Data records:
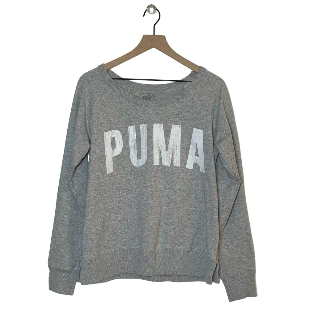 PUMA Sweatshirt Womens Size Large Gray White Spellout Logo Knit Stretch Pullover Brand: PUMA Size: Large Style: Sweatshirt Color: Gray Condition: Good Preloved Condition This vintage sweatshirt features an cotton blend material, long sleeves and crewneck. This sweatshirt is the perfect piece to wear alone or layer during a cold weather day. Approximate flat lay measurements Pit to pit 20in Length 24.5in
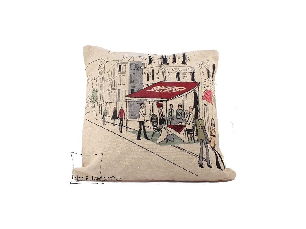 Rozměr polštáře Bistrot je 44 x 44 cm. Polštář má zapínání na zip a zadní stranu jednobarevnou a sametově hebkou. Dekor je pouze na přední straně a je přímo vytkávaný do pevné textilie.
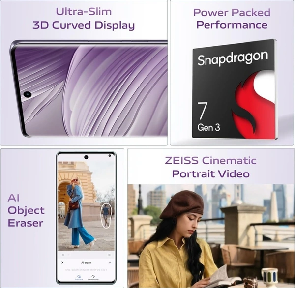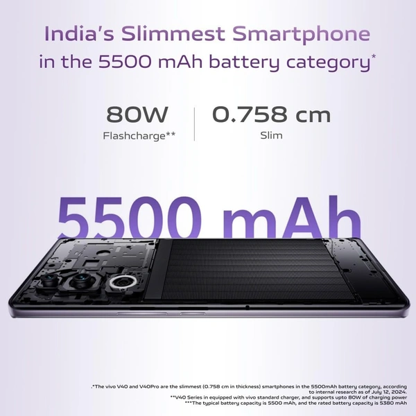 Vivo V40 5G Smartphone (Lotus Purple, 12GB RAM, 512GB Storage)
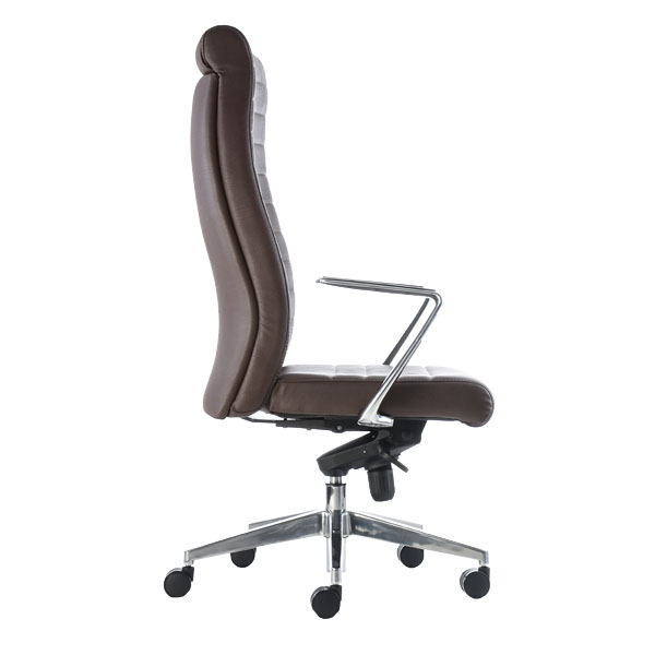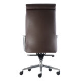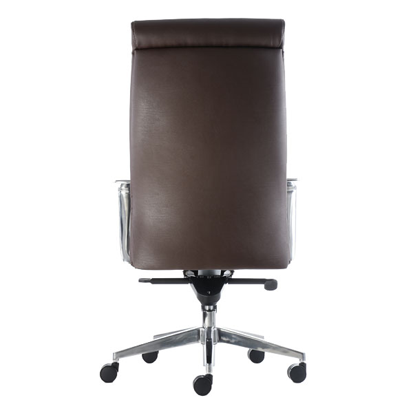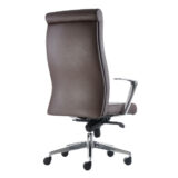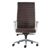 Sillón extra alto con brazos de poliuretano negro, base cromada, mecanismo de rodilla synchro con 5 posiciones de bloqueo y tapizado en piel.
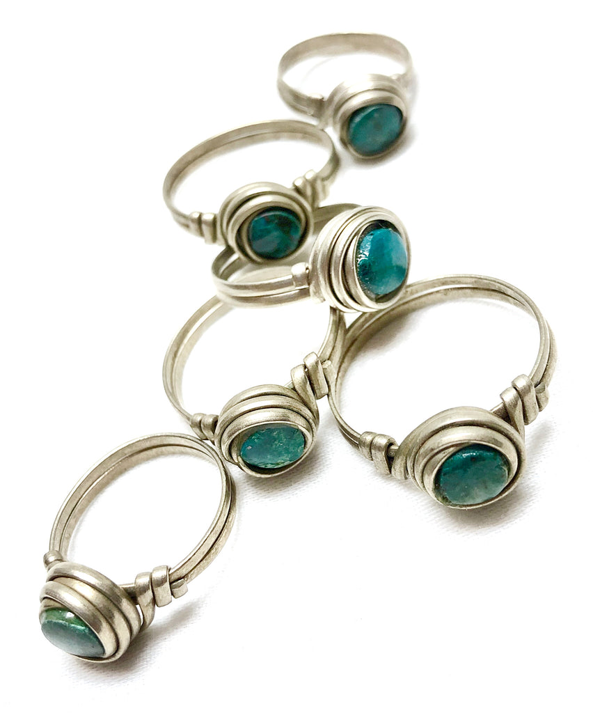 Chrysocolla or Peruvian Turquoise in alpaca silver. It is a metal of the result of the combination of 50% of silver with 50% of copper. It is waterproof. Chrysocolla is known as the "Stone of Communication,";symbolizing peace, tranquility, and healing. It is associated with the goddesses of love and beauty, Aphrodite and Venus, and is believed to facilitate effective expression and transformation. This vibrant blue-green mineral, rich in copper, aids in emotional balance and self-expression, making it a powerful stone for spiritual transformation. Additionally, chrysocolla is linked to prosperity and business acumen, enhancing both analytical and intuitive abilities
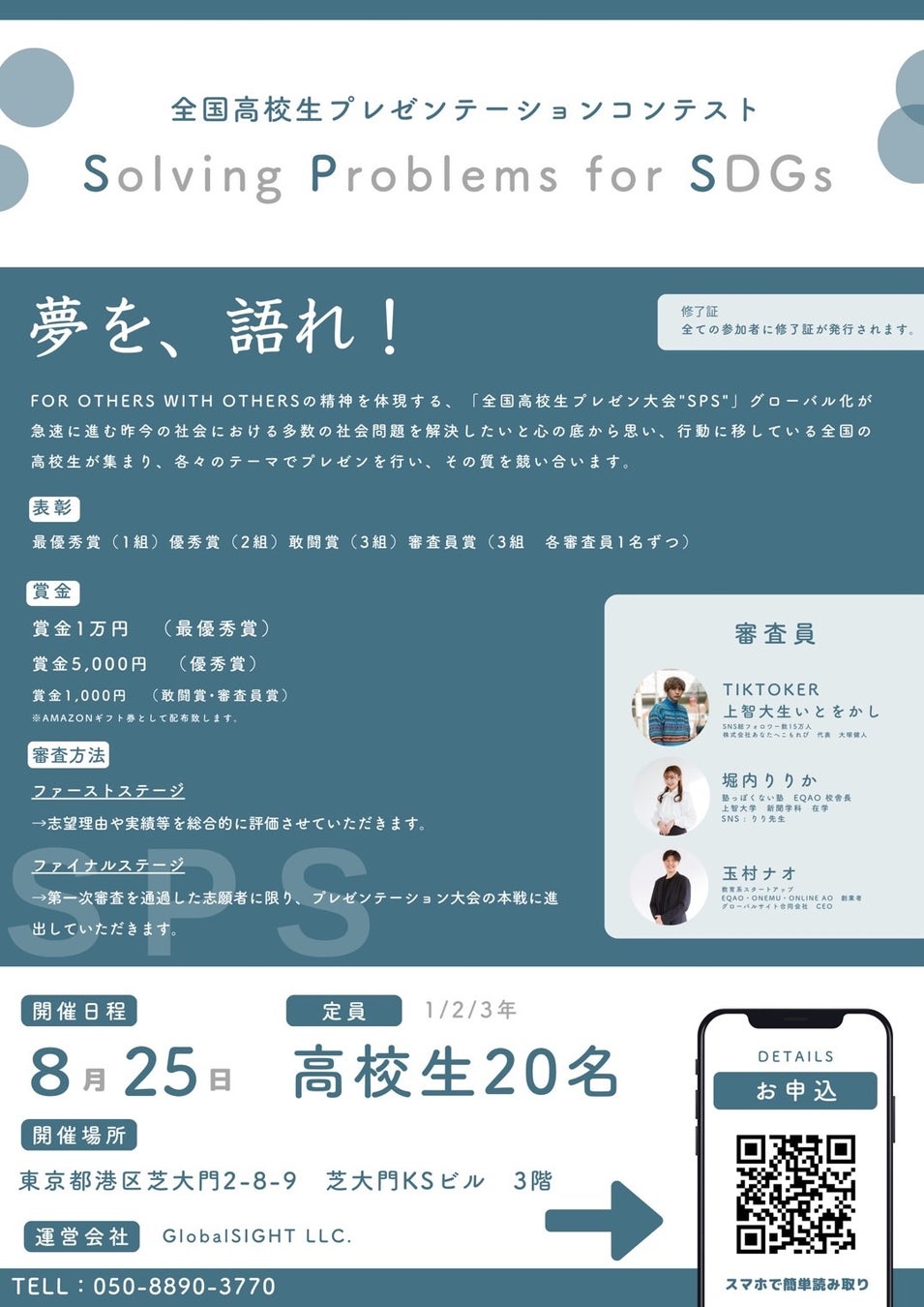 【公募開始】全国高校生プレゼンテーションコンテストSPS(Solving Problems for SDGs)参加者には修了証も発行!入賞者には賞金も!

• YOUR ASSIGNMENT:
Transcribe, word for word, the stretch of lines in the data above from the one with "Rozměr polštáře Bistrot" through the one with "Sillón extra alto"; omit all pictures.

• EXERCISE ANSWER:
 Rozměr polštáře Bistrot je 44 x 44 cm. Polštář má zapínání na zip a zadní stranu jednobarevnou a sametově hebkou. Dekor je pouze na přední straně a je přímo vytkávaný do pevné textilie.
 Vivo V40 5G Smartphone (Lotus Purple, 12GB RAM, 512GB Storage)
 Sillón extra alto con brazos de poliuretano negro, base cromada, mecanismo de rodilla synchro con 5 posiciones de bloqueo y tapizado en piel.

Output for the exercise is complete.